When a new medical technology comes along, it ushers in hope that treatment of a disease will improve and that patients will enjoy better health and longer lives. But the march of progress isn’t so sunny and simple these days. New technology also leaves in its wake nettlesome issues such as added cost and whether that cost is worth the benefit, insurance coverage and comparisons with existing technology. Proton beam radiation therapy as a cancer treatment isn’t new at all; the FDA approved it more than 30 years ago. But partly because it involves such a large capital expense, it is still dogged by issues that new technology stirs up. Insurers are being sued for not covering the therapy, and some facilities have struggled financially for lack of patients. A 2018 study of prior authorization for proton beam therapy found that 64% of patients were initially denied coverage and 32% denied after an appeal. Enrollment in clinical trials has often moved at a snail’s pace, partly because many potential participants elect not to participate because the proton beam therapy isn’t covered by their health plan.

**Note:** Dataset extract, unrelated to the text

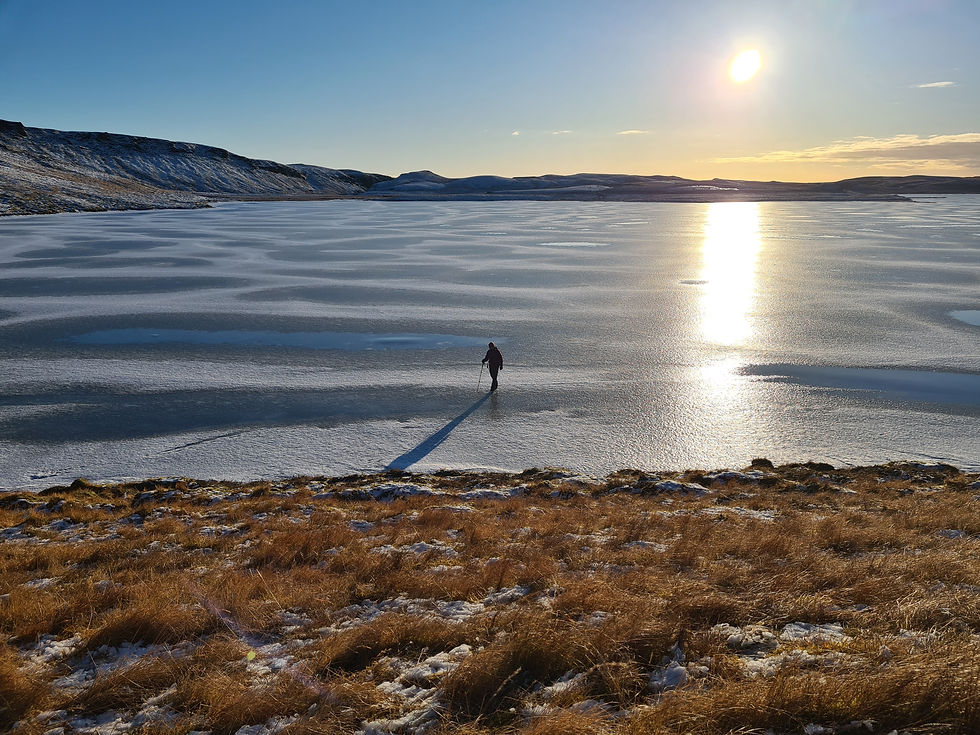 Davíð var sá eini sem gekk út á vatnið... það var vel frosið... menn voru orðnir þreyttir og vildu fara að snúa í bílana enda vorum við komin fram yfir áætlaða vegalengd og tímalengd...

Proponents of proton beam radiation therapy can point to some recent developments that put the technology’s situation in a more positive light. Researchers from The University of Texas MD Anderson Cancer Center in Houston reported results last year in the Journal of Clinical Oncology that showed the toxicity burden — a weighted sum of the side effects — among 145
patients with esophageal cancer was less for those treated with proton beam therapy than those treated with conventional photon therapy. An accompanying editorial noted that this was the first trial to report a positive primary end point for proton beam radiation in a head-to-head trial with conventional photon radiation. Facilities now are being designed so the investment can be in the tens of millions of dollars rather than more than $100 million.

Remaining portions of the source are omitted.